胡慵听到这里,脸上一阵抽搐,内心在经过一番挣扎后,开始扯下身上锦衣,绑在双腿上,然后一蹦一跳的出了小亭,
“扑通”一声,人已经跃进湖中,
双腿被绑,再是擅泳也没用,这位胡公子在湖中奋力扑腾着,湖水灌入他的口鼻,喝了个饱。
嬴贞托腮望向湖面,笑道:“胡公子真是有雅兴啊, 竟然喜欢下雨天游泳?”
那跪在地上的黑衣中年扈从,浑身一震颤抖,少主若是出了意外,他这条命绝对也保不住,可对方是秦王啊,他此刻连求情的胆子都没有了。
出身魁字营的韩闯见湖心中渐渐没了动静,赶忙向嬴贞抱拳道:
“上将军,胡公子虽是阴邪狡诈,在通州地界无恶不作,但他身上还颇有几分江湖义气,属下恳请上将军恩准,准许胡公子去咱魁字营入伍历练。”
嬴贞想了想,点头道:“好主意,拖上来吧。”
黑衣扈从哪还敢犹豫,赶忙将昏迷的胡慵给拎了上来,又在其身上推拿片刻,胡慵这才缓缓苏醒,
醒来的第一件事,就是下跪,磕头。
“胡公子是怎么看出本王不会杀你的?”
胡慵浑身湿漉漉的,闻言诚惶诚恐道:
“小人怎敢揣摩殿下心思,殿下让小人跳湖,那是小人的荣幸。”
嬴贞忍不住笑了:
“胡邴槐能有你这样的儿子,算是祖坟冒青烟了,回了桐州,跟你爹说一声,就说我嬴贞让你去魁字营历练历练,走的时候,记得多带点钱,我那魁字营中的儿郎们可都是一帮穷鬼,至於盐矿的事,本王自会处理妥当。”

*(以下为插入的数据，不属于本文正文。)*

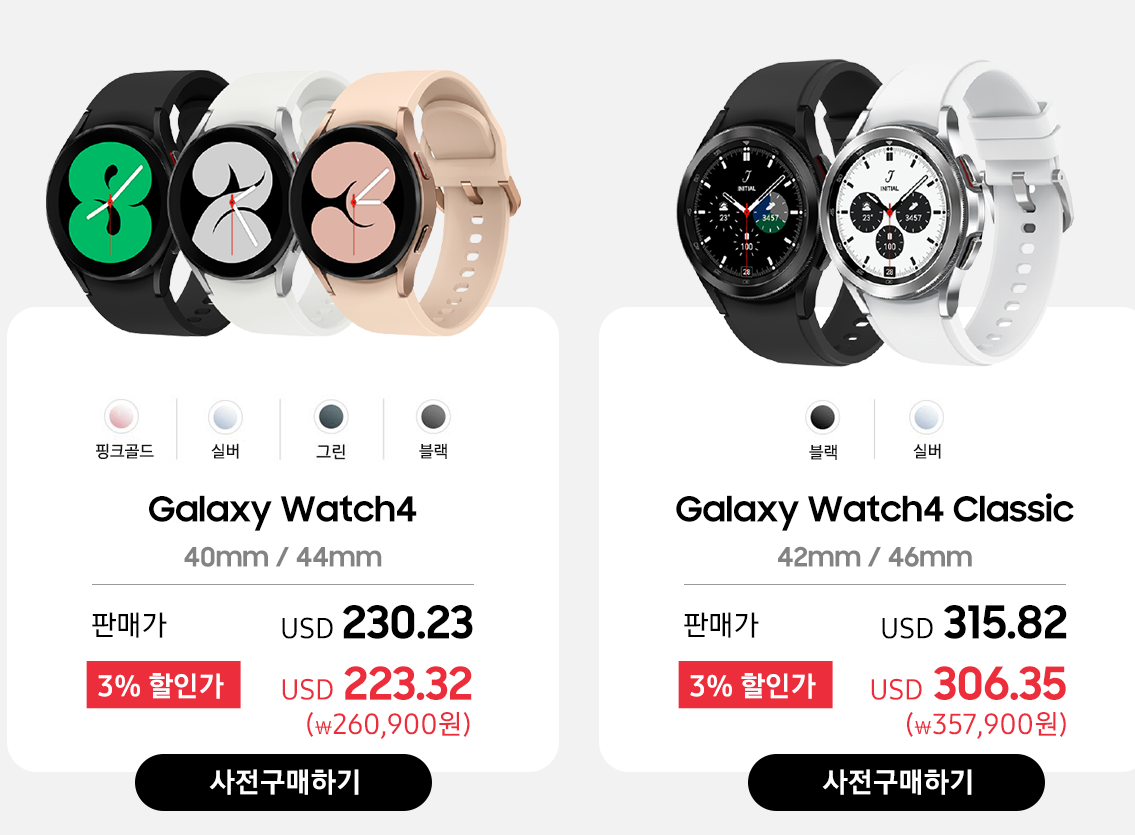 갤럭시 워치4 가격은 블루투스 44mm 모델이 29만9천원, 40mm 모델이 26만9천원

盐矿的事都给你挑明了,话说到这个份上,胡慵哪还有胆子不同意。
“殿下让我去哪,我就去哪,小人谢殿下提拔之恩。”
“胡公子还不走?难道还想让本王留你吃饭?”
“不敢不敢,小人这就走......这就走......”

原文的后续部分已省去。